▶ **Assigned task**: Retype nothing except the lines below from the one with "二级主管做绩效校准时(借助评" through the one with "Muğla'nın Fethiye ilçesinde", exactly, with images left out.

Data records Block Start

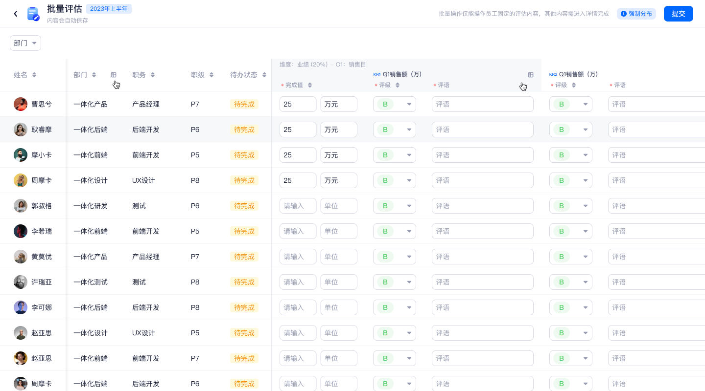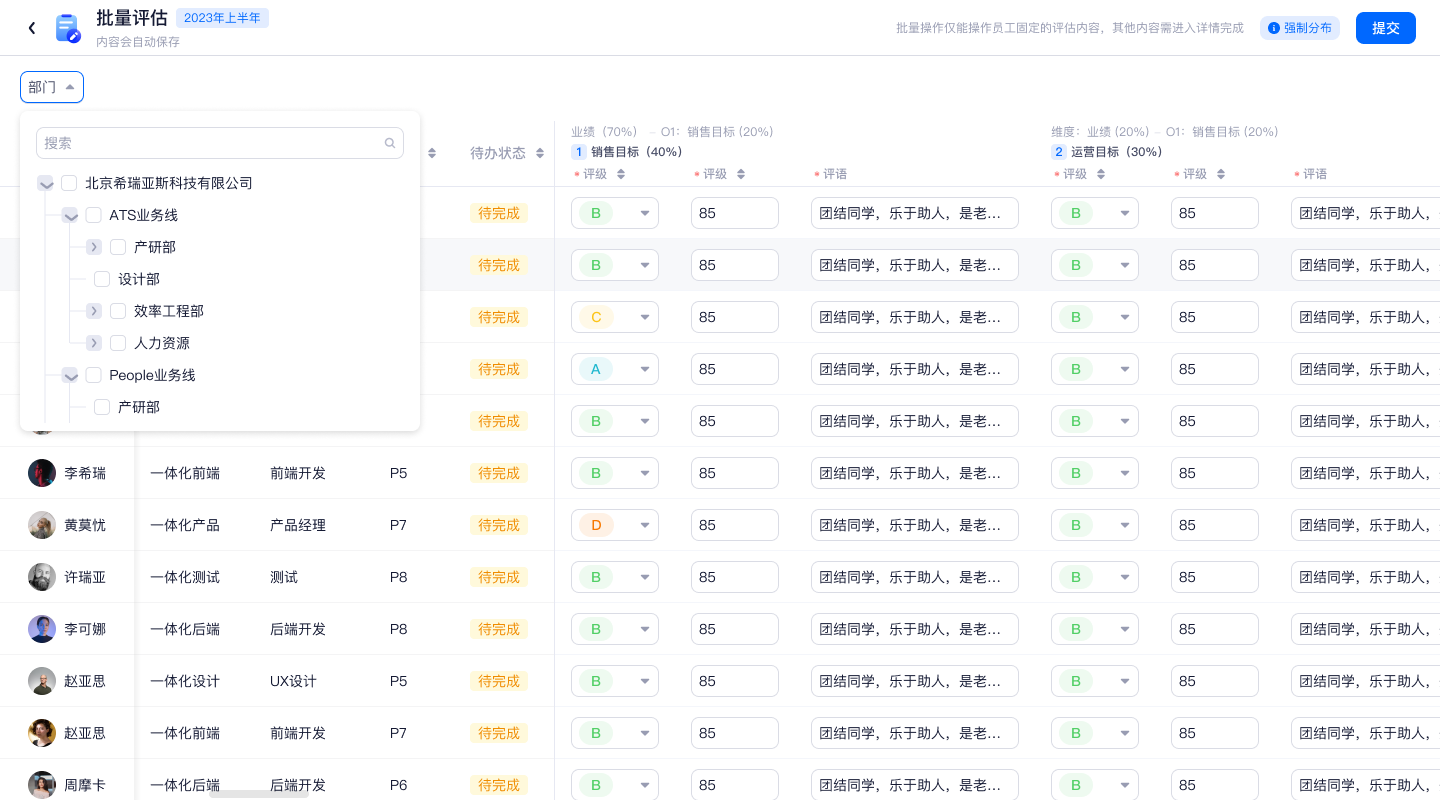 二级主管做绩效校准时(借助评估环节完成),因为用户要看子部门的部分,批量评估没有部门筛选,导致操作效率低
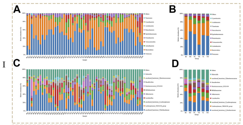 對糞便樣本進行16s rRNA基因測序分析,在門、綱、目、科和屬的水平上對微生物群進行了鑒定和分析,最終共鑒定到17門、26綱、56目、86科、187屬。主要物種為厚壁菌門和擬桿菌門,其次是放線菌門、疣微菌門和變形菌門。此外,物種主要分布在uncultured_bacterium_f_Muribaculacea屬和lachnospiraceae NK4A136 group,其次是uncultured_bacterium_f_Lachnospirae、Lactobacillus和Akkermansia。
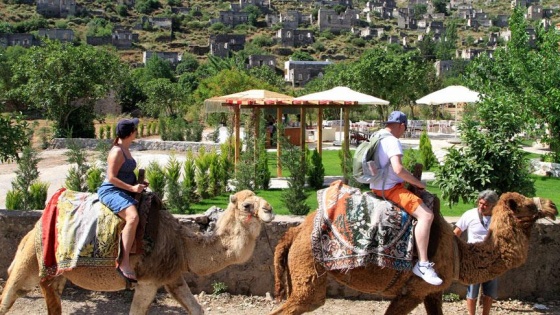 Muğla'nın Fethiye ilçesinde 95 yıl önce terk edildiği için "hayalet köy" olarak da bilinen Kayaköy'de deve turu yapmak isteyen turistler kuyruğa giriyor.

Data records Block End
Data records Block Start

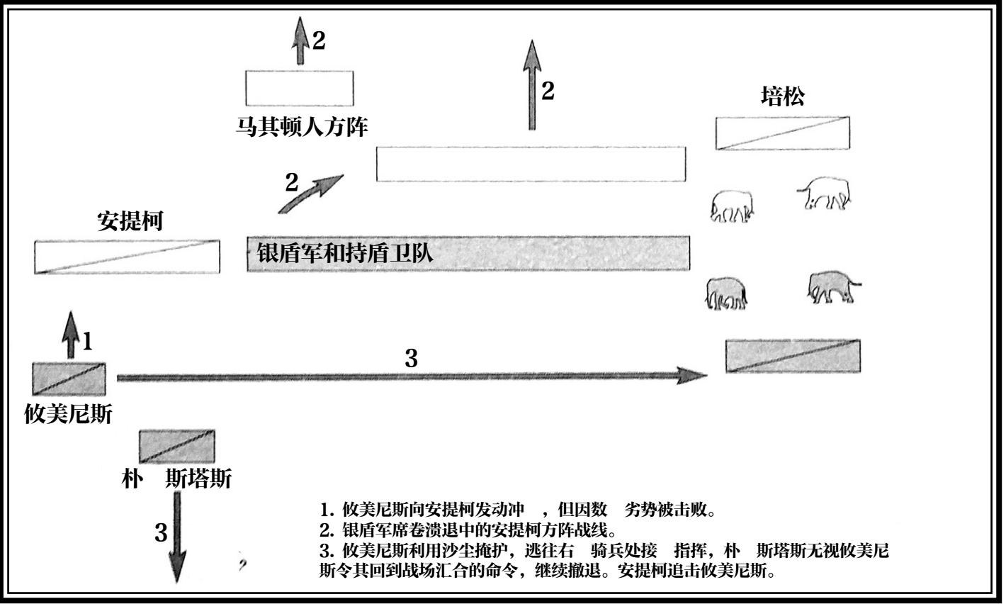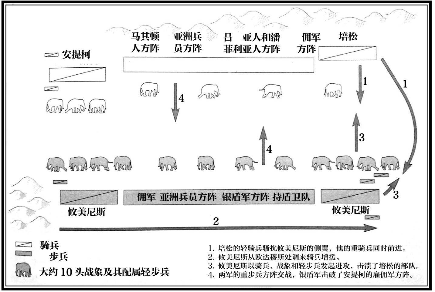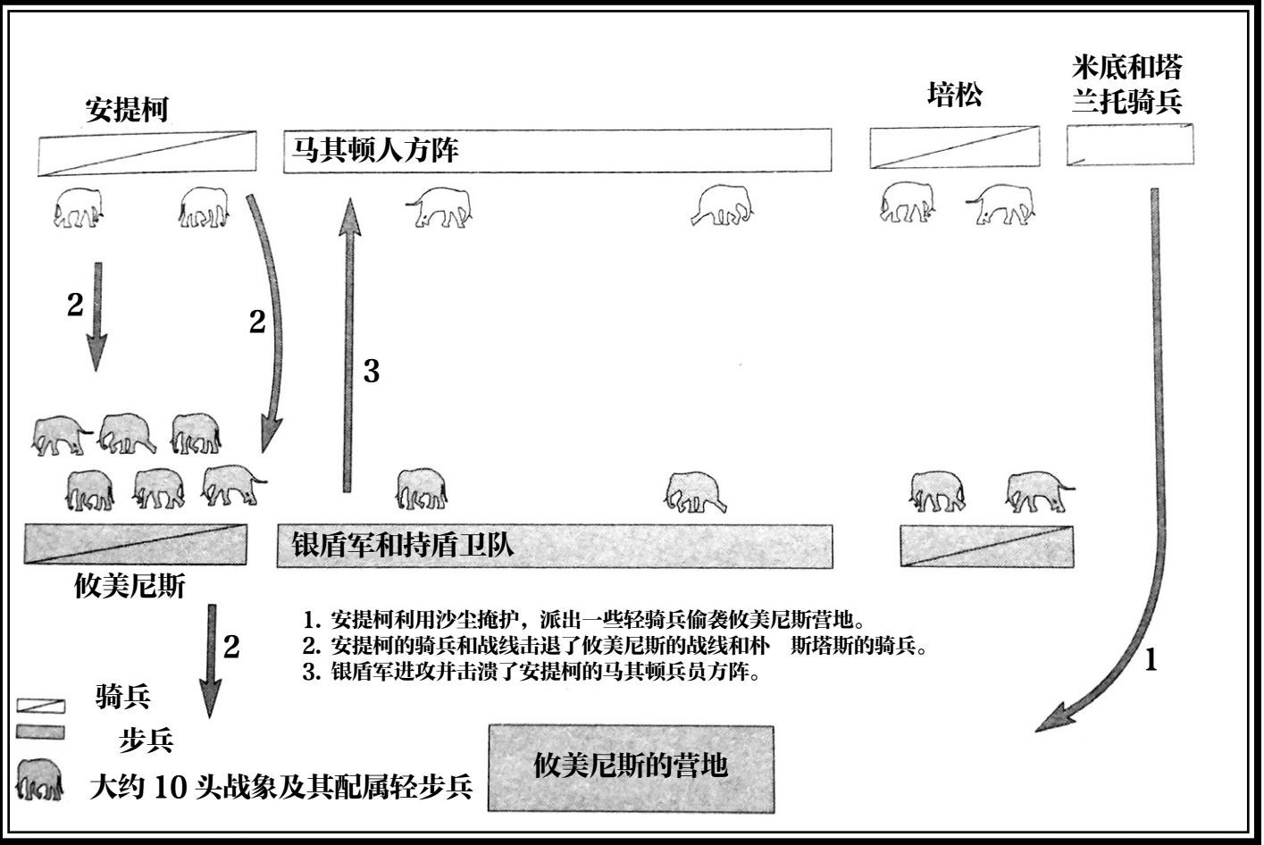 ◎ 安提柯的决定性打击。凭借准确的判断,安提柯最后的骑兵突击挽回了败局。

Data records Block End

▶ **Answer to the problem**:
 二级主管做绩效校准时(借助评估环节完成),因为用户要看子部门的部分,批量评估没有部门筛选,导致操作效率低
 對糞便樣本進行16s rRNA基因測序分析,在門、綱、目、科和屬的水平上對微生物群進行了鑒定和分析,最終共鑒定到17門、26綱、56目、86科、187屬。主要物種為厚壁菌門和擬桿菌門,其次是放線菌門、疣微菌門和變形菌門。此外,物種主要分布在uncultured_bacterium_f_Muribaculacea屬和lachnospiraceae NK4A136 group,其次是uncultured_bacterium_f_Lachnospirae、Lactobacillus和Akkermansia。
 Muğla'nın Fethiye ilçesinde 95 yıl önce terk edildiği için "hayalet köy" olarak da bilinen Kayaköy'de deve turu yapmak isteyen turistler kuyruğa giriyor.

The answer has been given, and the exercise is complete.